The copy you produce must hold every record exactly, and none of the images.

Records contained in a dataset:
########

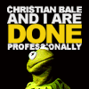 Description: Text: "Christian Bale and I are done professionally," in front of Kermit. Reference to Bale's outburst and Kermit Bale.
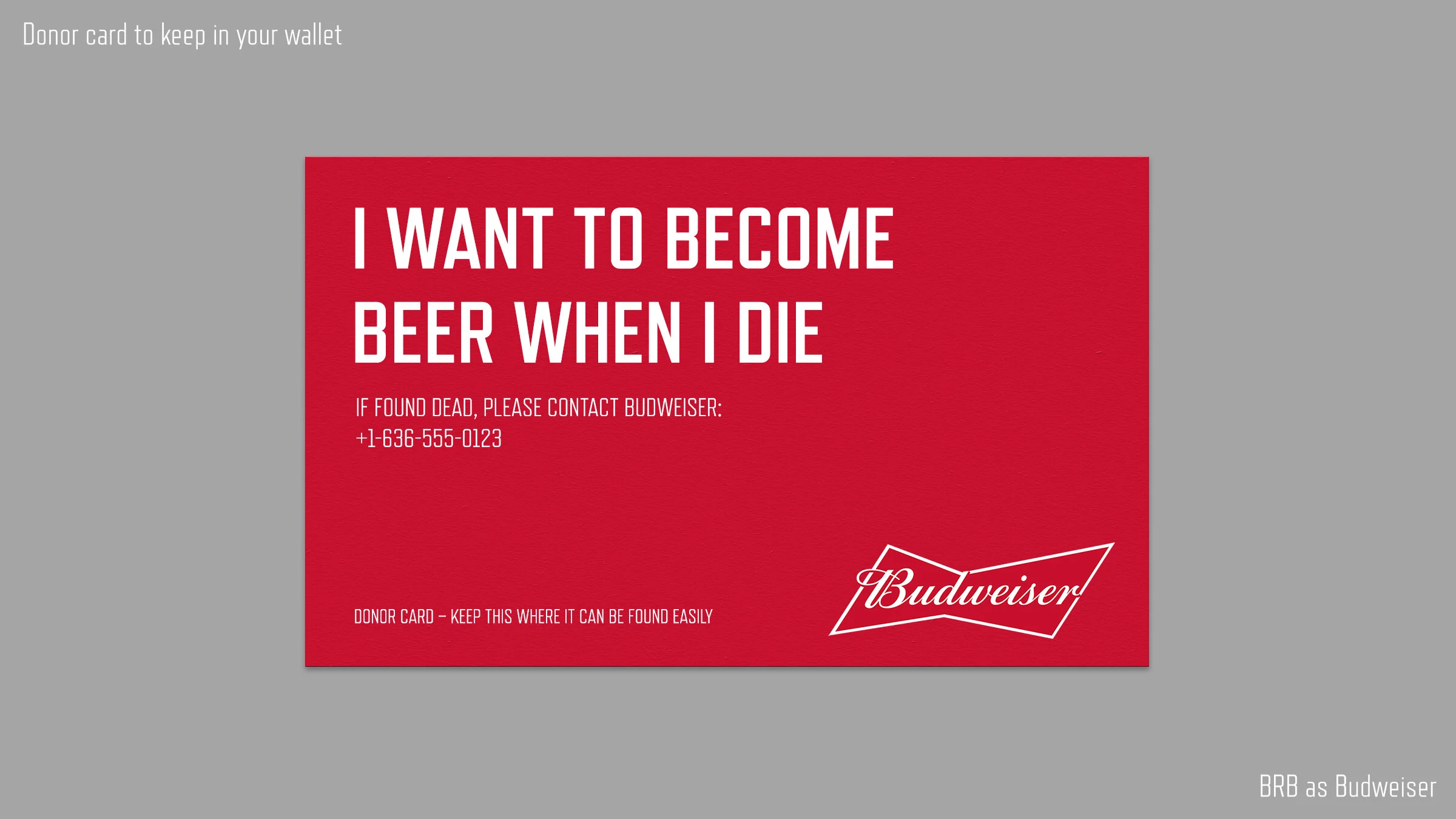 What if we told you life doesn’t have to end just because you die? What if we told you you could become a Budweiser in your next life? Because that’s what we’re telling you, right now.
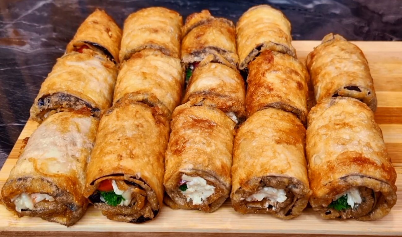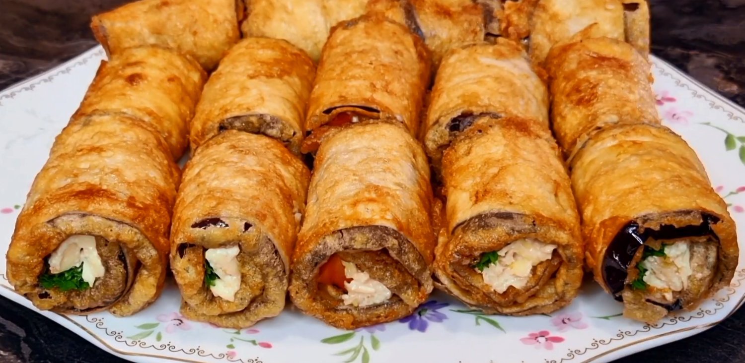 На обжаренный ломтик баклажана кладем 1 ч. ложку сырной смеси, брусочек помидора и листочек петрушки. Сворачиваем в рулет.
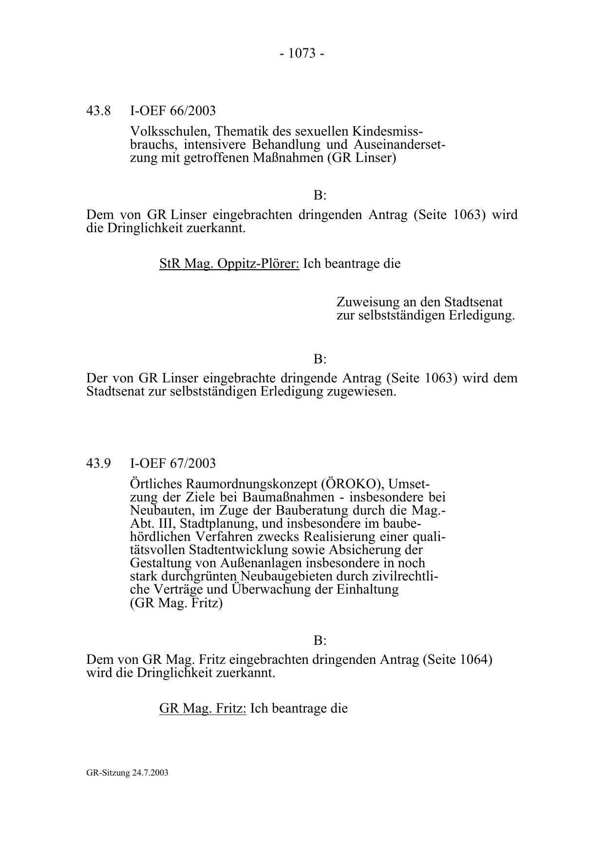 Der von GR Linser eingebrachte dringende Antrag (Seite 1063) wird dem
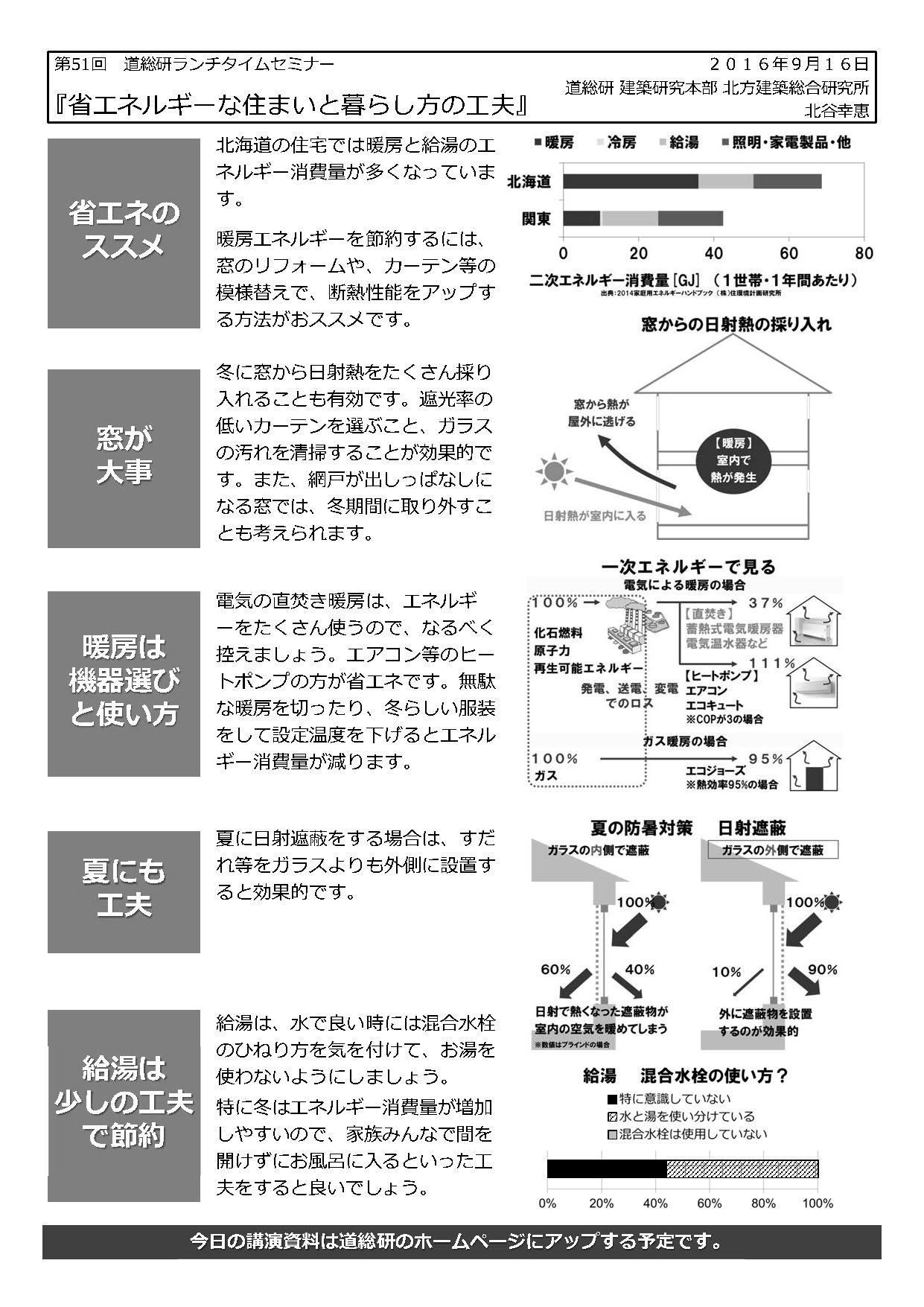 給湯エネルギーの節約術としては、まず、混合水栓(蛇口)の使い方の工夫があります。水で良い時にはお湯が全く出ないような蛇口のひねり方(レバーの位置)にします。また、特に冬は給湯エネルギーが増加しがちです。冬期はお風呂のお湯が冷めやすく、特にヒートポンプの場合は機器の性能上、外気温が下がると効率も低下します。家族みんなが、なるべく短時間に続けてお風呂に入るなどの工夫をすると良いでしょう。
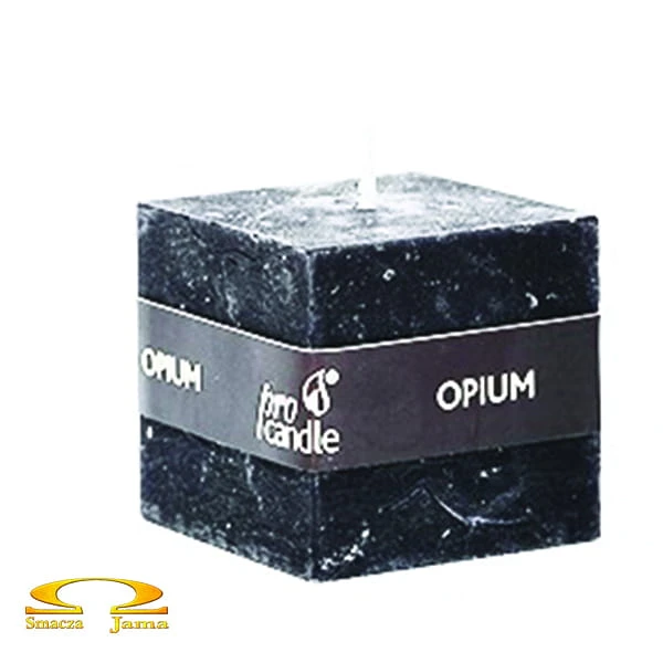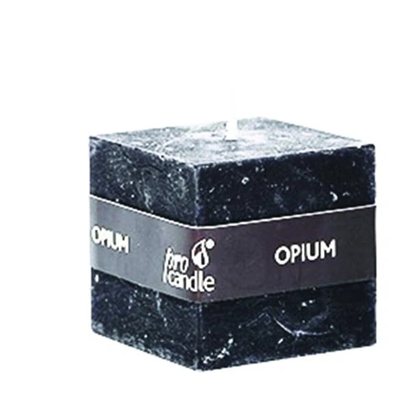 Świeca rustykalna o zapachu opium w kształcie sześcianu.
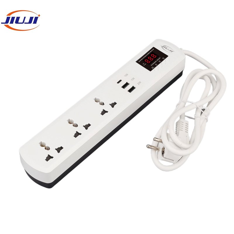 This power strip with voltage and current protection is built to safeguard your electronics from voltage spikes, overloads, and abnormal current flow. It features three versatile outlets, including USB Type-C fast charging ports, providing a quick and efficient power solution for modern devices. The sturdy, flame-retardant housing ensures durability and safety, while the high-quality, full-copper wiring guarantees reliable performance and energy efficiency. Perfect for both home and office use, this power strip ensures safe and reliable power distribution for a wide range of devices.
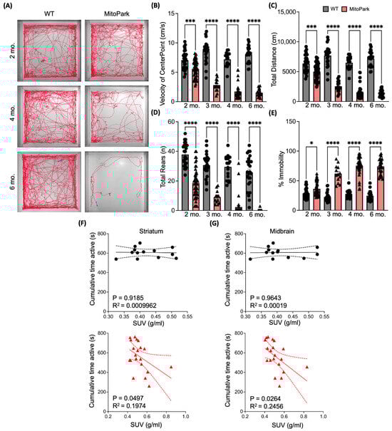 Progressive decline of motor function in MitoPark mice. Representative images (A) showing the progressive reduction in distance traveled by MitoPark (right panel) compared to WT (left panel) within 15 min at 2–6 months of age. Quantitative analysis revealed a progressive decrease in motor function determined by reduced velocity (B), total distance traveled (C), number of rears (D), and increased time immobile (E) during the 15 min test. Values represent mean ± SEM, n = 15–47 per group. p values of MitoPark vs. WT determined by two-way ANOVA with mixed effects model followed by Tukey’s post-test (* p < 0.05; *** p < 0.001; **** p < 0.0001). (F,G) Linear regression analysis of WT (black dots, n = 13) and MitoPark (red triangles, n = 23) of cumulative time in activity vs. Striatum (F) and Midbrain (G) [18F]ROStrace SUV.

########

TASK ANSWER ->
 Description: Text: "Christian Bale and I are done professionally," in front of Kermit. Reference to Bale's outburst and Kermit Bale.
 What if we told you life doesn’t have to end just because you die? What if we told you you could become a Budweiser in your next life? Because that’s what we’re telling you, right now.
 На обжаренный ломтик баклажана кладем 1 ч. ложку сырной смеси, брусочек помидора и листочек петрушки. Сворачиваем в рулет.
 Der von GR Linser eingebrachte dringende Antrag (Seite 1063) wird dem
 給湯エネルギーの節約術としては、まず、混合水栓(蛇口)の使い方の工夫があります。水で良い時にはお湯が全く出ないような蛇口のひねり方(レバーの位置)にします。また、特に冬は給湯エネルギーが増加しがちです。冬期はお風呂のお湯が冷めやすく、特にヒートポンプの場合は機器の性能上、外気温が下がると効率も低下します。家族みんなが、なるべく短時間に続けてお風呂に入るなどの工夫をすると良いでしょう。
 Świeca rustykalna o zapachu opium w kształcie sześcianu.
 This power strip with voltage and current protection is built to safeguard your electronics from voltage spikes, overloads, and abnormal current flow. It features three versatile outlets, including USB Type-C fast charging ports, providing a quick and efficient power solution for modern devices. The sturdy, flame-retardant housing ensures durability and safety, while the high-quality, full-copper wiring guarantees reliable performance and energy efficiency. Perfect for both home and office use, this power strip ensures safe and reliable power distribution for a wide range of devices.
 Progressive decline of motor function in MitoPark mice. Representative images (A) showing the progressive reduction in distance traveled by MitoPark (right panel) compared to WT (left panel) within 15 min at 2–6 months of age. Quantitative analysis revealed a progressive decrease in motor function determined by reduced velocity (B), total distance traveled (C), number of rears (D), and increased time immobile (E) during the 15 min test. Values represent mean ± SEM, n = 15–47 per group. p values of MitoPark vs. WT determined by two-way ANOVA with mixed effects model followed by Tukey’s post-test (* p < 0.05; *** p < 0.001; **** p < 0.0001). (F,G) Linear regression analysis of WT (black dots, n = 13) and MitoPark (red triangles, n = 23) of cumulative time in activity vs. Striatum (F) and Midbrain (G) [18F]ROStrace SUV.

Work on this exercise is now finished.